The challenge has been a challenge in the NFL for quite some time, and now it’s about to become part of Major League Baseball’s lexicon, too.
When do you challenge? What’s worth challenging? Who monitors the replays? Who’s to blame when you get it wrong?
Having someone other than the game officials involved in making sure a call is right is wrong, but at least baseball is finally embracing a technology that the NFL first welcomed when Madonna was singing about virgins, holidays, and preaching papas.
The Eagles have been dealing with replay issues for decades, and some would argue not very well, either. Poor replay decisions ranked right behind boring news conferences and mounting losses among the reasons Eagles fans were ready to boot Andy Reid out of the Lincoln Financial Field tunnel.
Some of it was justified, some of it overplayed. New coach Chip Kelly and his coaching staff had their own set of problems in the replay department last season. They challenged seven times, and only three plays were overturned, but that tells only part of the story because other plays went unchallenged that should have been.
Former Eagles president Joe Banner said replay challenges were rarely a hot-button topic inside the organization during his tenure.
“The head coaches controlled it, and they would usually assign someone to be their primary set of eyes, with others helping,” Banner said. “Sometimes after a game, if there was a situation in question, you’d say, ‘What were you thinking there?’ But it wasn’t something that was extensively reviewed or talked about.
“The head coach was the primary person, and you would talk philosophically beforehand about how liberal or conservative you wanted to be in challenging something. But honestly, we always felt like it should be up to the coaches to handle it, and that was true in Philadelphia and Cleveland.”
Baseball, of course, is a different game from football, but rest assured that before this 162-game season is over, the Phillies will be dealing with at least one challenge controversy, if not more.
The dry runs that were supposed to take place during spring training did not go as planned because the New York command center was not in place, and the ballparks did not have the camera angles that will be in place when the regular season begins.
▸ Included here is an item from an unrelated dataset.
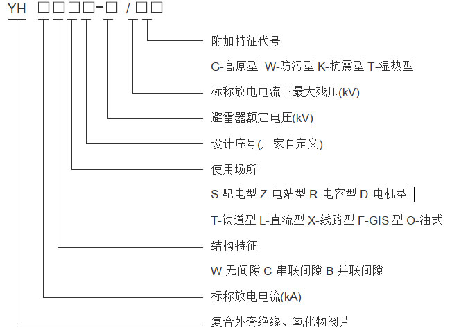 本產(chǎn)品型號含義完全執(zhí)行JB/T8459-1996《避雷器產(chǎn)品型號編制方法》的規(guī)格,具體型號說明如下:

Phillies general manager Ruben Amaro Jr. said the Phillies will have a better feel for the system after they play their final two exhibition games against the Pittsburgh Pirates at Citizens Bank Park this week.
“We’ve talked a little bit about the strategy with (manager) Ryne (Sandberg), and we’re taking a lot of advice from the commissioner’s office on how we should attack it,” Amaro said.
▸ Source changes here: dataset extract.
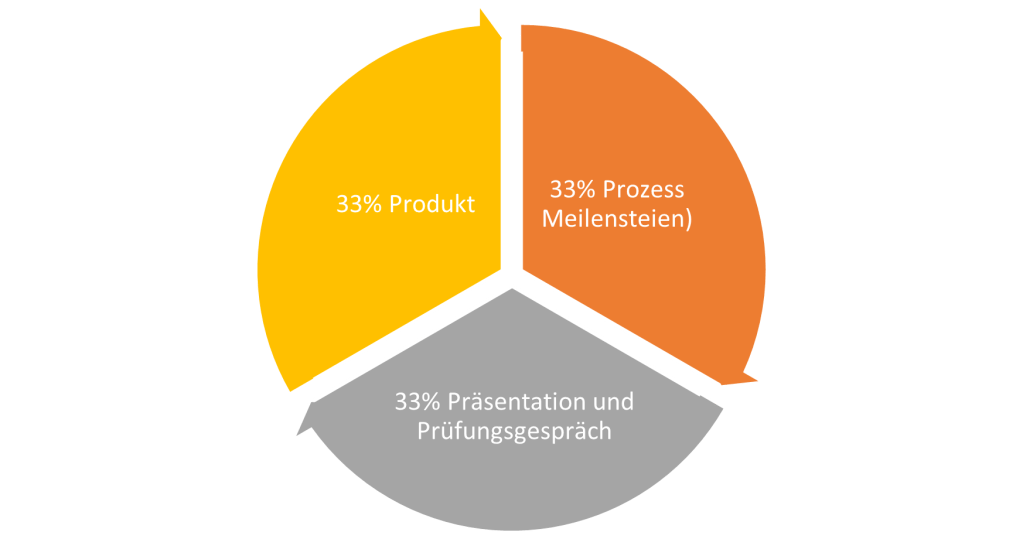 Die VA besteht aus einer Dokumentation und einem Anhang sowie der Präsentation und dem Prüfungsgespräch. Die VA-Note setzt sich wie folgt zusammen: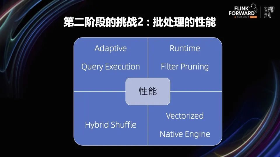 第二个挑战是批处理的性能。而 Flink 批要想有更广阔的业务场景,要在性能上有更大的突破。Flink 社区在刚发布的 1.16 版本也已经开启了好几个 FLIP,希望把 Flink Batch 的性能在往前走一步。

The advice from New York is challenge when you get the chance because the umpires don’t miss many plays. That may be true, but replay is going to change the game and the ballpark experience.
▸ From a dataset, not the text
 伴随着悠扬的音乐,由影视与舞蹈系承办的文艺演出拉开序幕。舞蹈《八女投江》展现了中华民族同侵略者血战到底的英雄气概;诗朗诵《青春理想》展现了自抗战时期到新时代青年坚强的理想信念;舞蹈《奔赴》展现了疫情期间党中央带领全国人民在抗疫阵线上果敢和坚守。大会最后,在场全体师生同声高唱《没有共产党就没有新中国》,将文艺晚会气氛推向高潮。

Managers will each get one challenge per game, and if they challenge correctly, they will get another. If they have burned their challenge before the seventh inning, then it will be up to the umpire to request a replay review during the final three innings.
That sure sounds like there will be potential for controversy during the course of 2,430 regular-season games.
Anyone who has ever been at an Eagles game has witnessed what happens when there is a close call the home team might challenge. On the Linc’s giant end-zone screens, which are getting a high-definition upgrade this offseason, the replay is shown backward, forward, and in the slowest possible motion.
Close plays have been off-limits in the past on baseball’s giant replay boards, but that has officially changed.
How the Phillies decide to challenge a call will be much different from the way the Eagles and most NFL teams have gone through the process.
Their man in charge of watching the replay will be Kevin Camiscioli, a longtime employee whose job title is manager of video coaching services. He has been the guy in charge of the video room, where the manager, coaches, and players go to study opposing pitchers and their own swing.
Now, he has an additional role.
“He’ll be our primary guy,” Amaro said. “We have backups, but Kevin is our videographer in the trenches.”
Even though this is the first year of extensive replay — previously only boundary calls on home runs have been reviewed by MLB — Camiscioli has been supplying Amaro with information about replays for years.
“There would be calls where I’d call downstairs and he’d have an answer right away,” Amaro said.
Before, there was nothing the Phillies or any other team could do about the missed calls that may have changed the outcome of the game.
Now, they have that option. As the Eagles can tell you, it can become another source of criticism if not done properly.